The elections to the federal parliament and provincial assemblies are expected to be different from the previous ones. Many voters seem to be more inclined towards new and young candidates. They see hope in independent candidates and new parties. Voters’ resentment against old established parties and their candidates is palpable. In this context, Anushka Nepal from ApEx interviewed 10 first-time voters to find out what they have to say about the upcoming elections and what they expect.
Shimran Poddar, 21
Being a first time voter, I want to give my vote to someone who is willing to make changes from the grassroots level. I want to see changes that benefit the locals directly, from their businesses to their basic needs. I will be voting from Sunsari and I want someone who is genuinely willing to represent and work on the issues faced by people from the area.
Rabindra Khadka, 22
The best candidate for me in this year’s election would be someone like Balen Shah, which I don’t see in my constituency. As a youth, I want to see a candidate like Shah, who after being elected the mayor of Kathmandu has done admirable works. Although this is not a mayoral election, someone with the same energy and ambition like Shah’s would have been a good fit to represent my constituency. But unfortunately, I don’t see that in any of the candidates.
Santosh Kandel, 21
If I was a voter from Kathmandu-4, I would without a doubt vote for Gagan Thapa.

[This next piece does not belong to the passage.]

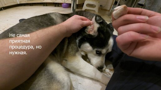 Ай, Ухи, папа, Ухи болят. Показываю Как почистить и обработать уши у Хаски.

He is someone I think has a vision for this country. In my own constituency, I do see some promising new candidates, but they are unlikely to win. Nepali Congress usually gets the majority of votes from Kathmandu-1. I think it is time for our community members to move past the parties and vote for the candidate based on his or her capability.
Rose Singh, 21
I believe a political candidate should be chosen on the basis of merit and nothing else. It is high time that the issues faced by our society were addressed with proper policy measures to restore people’s faith in governance. So it is imperative for parties and candidates to preserve and promote the values of democracy.
Rajesh Regmi, 28
I am 28 years now and I have never voted in my life. The reason is I do not find anyone worthy. They all have tall promises for voters, but none are likely to fulfill them after the election. I wanted to vote this year, but, honestly, I couldn’t find any promising candidate from my constituency in Bajura. I would have voted if the ballot paper had ‘none of the above’ voting option. So, I won’t be voting this time as well.
Nikki Gautam, 22
It is high time we brought politics back to the people from the exclusive domain of a select few who are using it to cling onto power. We are people of dignity and integrity, and the old political parties and their leaders should acknowledge our needs. We need better roads, better health care and education, and better public services. Is that so much to ask? I don’t expect the old parties and their candidates to change. I demand it with no expectation. And I hope I am not the only one. It is important to vote wisely this time. I urge others to do the same.
Gehendra Dangi, 21
I am a voter from Surkhet. The candidates we elected to the House of Representatives in the past failed to address the problems faced by my constituency. I suspect that it will be the same way this time. This election, I will be voting for someone who has done comparatively better than others.
Nishant Giri, 20
I don’t have much idea about the parties, but I know that not a single one of them has lived up to the promises they have made so far. I will vote for someone who my family thinks is best. Personally, I feel that none of the parties are worthy of my vote. I will basically follow the advice of my parents. I do not have any favorite candidate or a party.
Suman Rai, 28
I do not have much of an idea on politics and I have been living outside Nepal for several years. I want to vote this year, but I genuinely don’t see someone quite worthy. Also, there are a lot of new candidates and new parties. And it is hard to believe that any of the candidates or parties will fulfill what they have promised.
Dipen Niraula, 22
Until a few months ago, I was excited about the parliamentary polls but when I saw the political parties fielding the same old, tried, tested and failed candidates, I was left frustrated. If you have this same set of people to vote and choose, why do we need the polls? Let’s select them without any contest and save all the expenses. I am in Kathmandu for my study and work but my hometown is Itahari. Why should I spend money to travel there to vote for the same candidate?